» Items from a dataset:
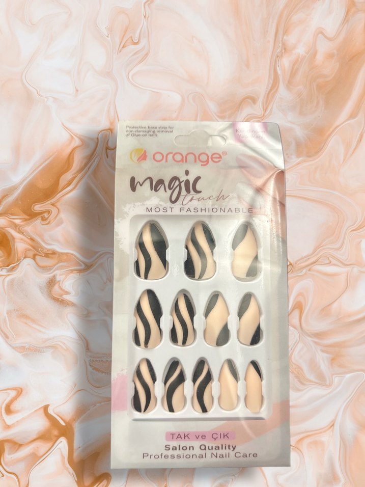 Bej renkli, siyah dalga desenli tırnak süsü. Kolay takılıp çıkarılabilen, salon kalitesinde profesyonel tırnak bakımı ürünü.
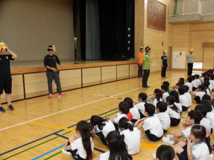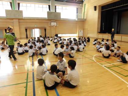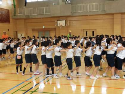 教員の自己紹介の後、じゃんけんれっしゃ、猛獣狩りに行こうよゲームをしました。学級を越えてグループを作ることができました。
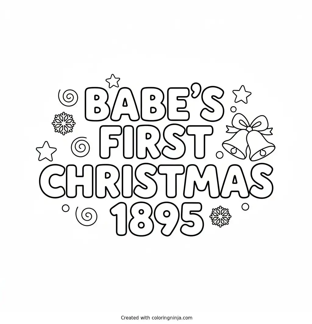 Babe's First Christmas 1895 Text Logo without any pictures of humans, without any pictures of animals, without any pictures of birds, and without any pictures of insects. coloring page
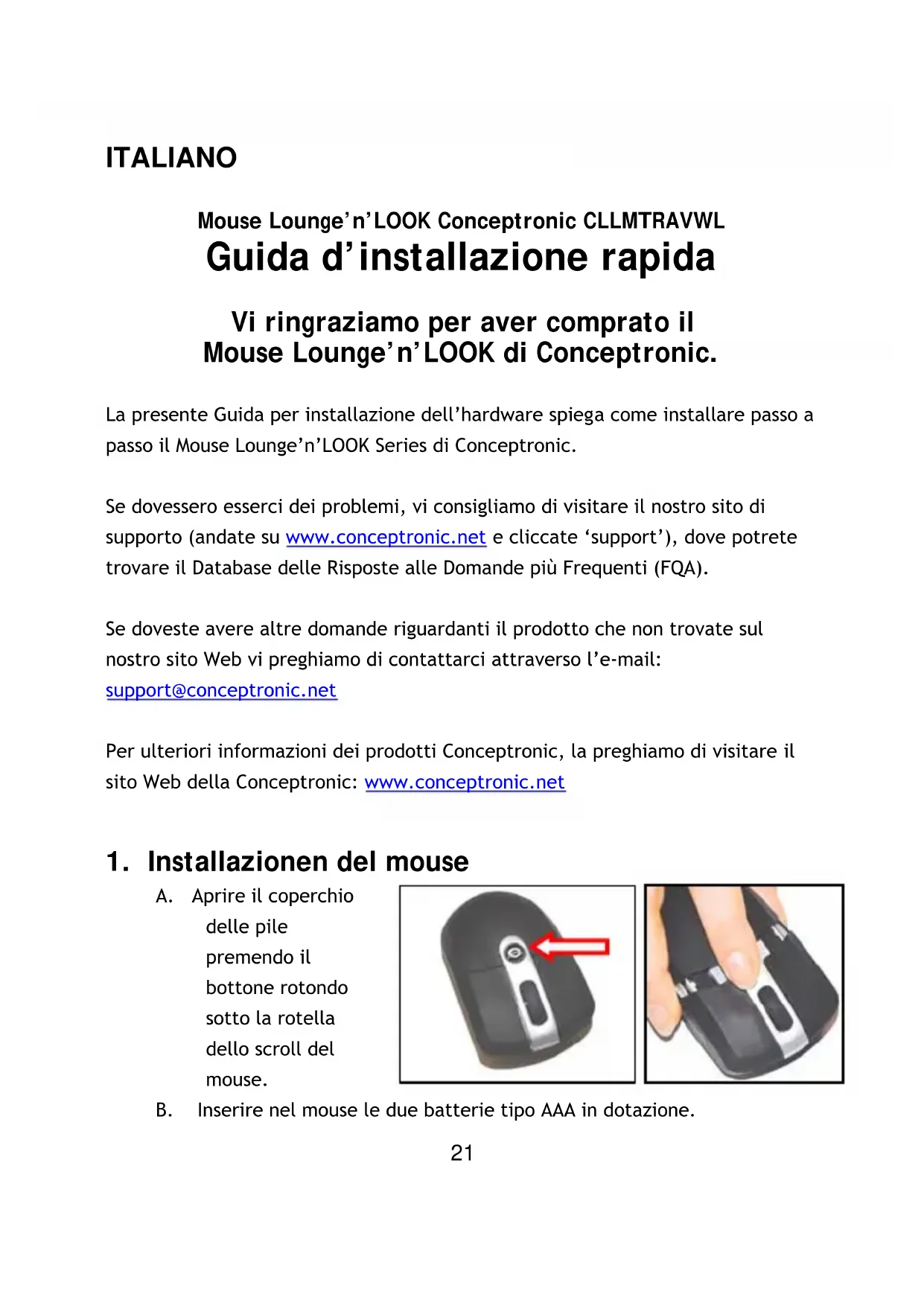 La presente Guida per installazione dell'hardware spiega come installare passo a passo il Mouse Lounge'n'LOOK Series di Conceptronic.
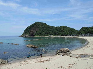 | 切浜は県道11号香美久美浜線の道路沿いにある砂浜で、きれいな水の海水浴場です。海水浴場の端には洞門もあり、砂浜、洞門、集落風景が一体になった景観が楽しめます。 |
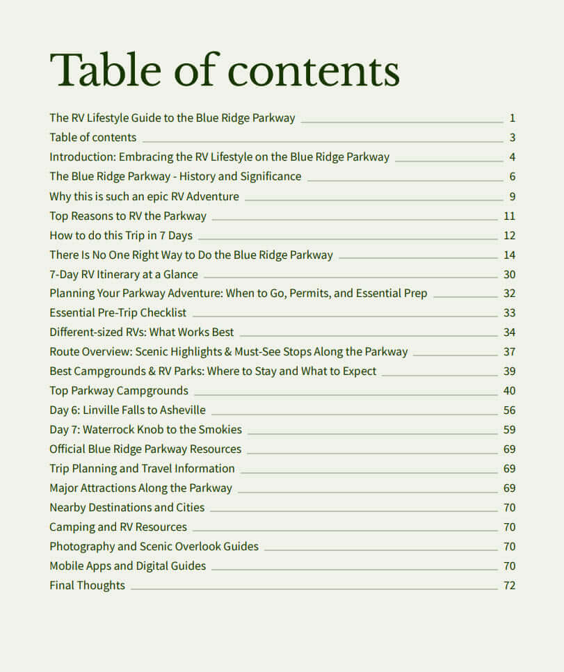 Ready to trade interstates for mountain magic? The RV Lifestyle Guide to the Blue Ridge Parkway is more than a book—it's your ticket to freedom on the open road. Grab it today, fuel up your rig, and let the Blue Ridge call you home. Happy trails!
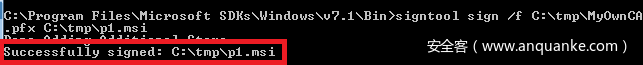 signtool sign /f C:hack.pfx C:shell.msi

» TASK STATEMENT: Take the lines from the one holding "La presente Guida" through the final line of the records above and output them exactly, both ends included, excluding pictures.

» OUTPUT BELOW:
 La presente Guida per installazione dell'hardware spiega come installare passo a passo il Mouse Lounge'n'LOOK Series di Conceptronic.
 | 切浜は県道11号香美久美浜線の道路沿いにある砂浜で、きれいな水の海水浴場です。海水浴場の端には洞門もあり、砂浜、洞門、集落風景が一体になった景観が楽しめます。 |
 Ready to trade interstates for mountain magic? The RV Lifestyle Guide to the Blue Ridge Parkway is more than a book—it's your ticket to freedom on the open road. Grab it today, fuel up your rig, and let the Blue Ridge call you home. Happy trails!
 signtool sign /f C:hack.pfx C:shell.msi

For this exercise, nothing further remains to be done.